IV.   Fourth, "A great nation"?

"What is this promise - a great nation - from me?  Leave everything behind, my country, my kindred, my accumulations, and you will make me a great nation?

 


 

Look, here is my establishment, right here in Haran.  In my father's house in my home country with my siblings and cousins, this is my best shot at a great nation.  I cannot leave it all and start from scratch and survive, let alone make it to greatness.  And, Lord, aren't you forgetting something?  To be the father of a great nation, I must have children.  Sarah and I, well, you probably know, Lord, we are not even trying any more.  You cannot make the future through us, Lord, we have no heirs.  You would not do that to us, would you, Lord?"  But God called Abraham, and Abraham went and did it with Sarah, "as the Lord had told him..."

 

V.  And finally, fifth, "Lord, what about the Canaanites?"

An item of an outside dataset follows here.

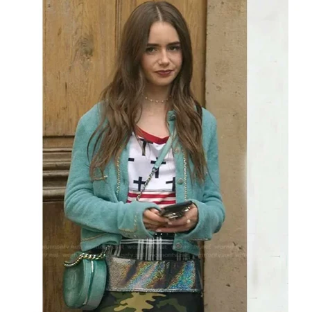 Lily Collins Emily In Paris Emily Blue Chain Trim Cardigan

"Lord, you are calling me forth to the land of Canaan, and you say you are going to give the land to my descendants, of which I have none.  But Lord I perceive a problem.  The land is occupied.  It is called Canaan, because the Canaanites live there.  They are big and mean, well established and fortified, and they intend to give their land to their descendants.  I am not sure the Canaanites are going to consider me a blessing in the land of Canaan."

 

Nevertheless, and though this part of the story continues to today, as we well know, "The Lord said to Abraham, ?Go'...so Abraham went as the Lord had told him."

 

Well, my friends, this is why Abraham is the father of our faith.  God called and Abraham went.  He left his country on faith.  He left his kindred on faith.  He responded to God's call late in life on faith and went on to father a great nation with no heir in sight.  He entered the land of Canaan, despite overwhelming odds, on faith.

 

God called... "So Abraham went, as the Lord had told him," and scripture tells us, "and God made of Abraham a great blessings, such that all the families of the earth were blessed."

 

Well, surely if Abraham could do all of this, then we the children of Abraham, can be a blessing to someone or to some nation this "two  thousand and ten" Year of our Lord.

 

 

Eight travel tips from Abraham for "twenty ten", one for each day of week, plus the 8th Day of Creation:

 

1) Dream big, but take one day at a time.
2) Don't wait for the perfect time, for there is only one time, and that  time is now.
3) Don't wait for the perfect place, for God works everywhere;
4) Don't make excuses because of our age, it might be our best asset.  In fact, don't make any excuses.
5) Don't get hung up about what we have and what we have not.  What is mine and what is yours.  None of it is ours.
6) Not everything is possible.  But we never know.  Expect surprises.
7) Travel light.
8) And don't worry about the Canaanites.

 

Now may we go forward with the faith of our Father.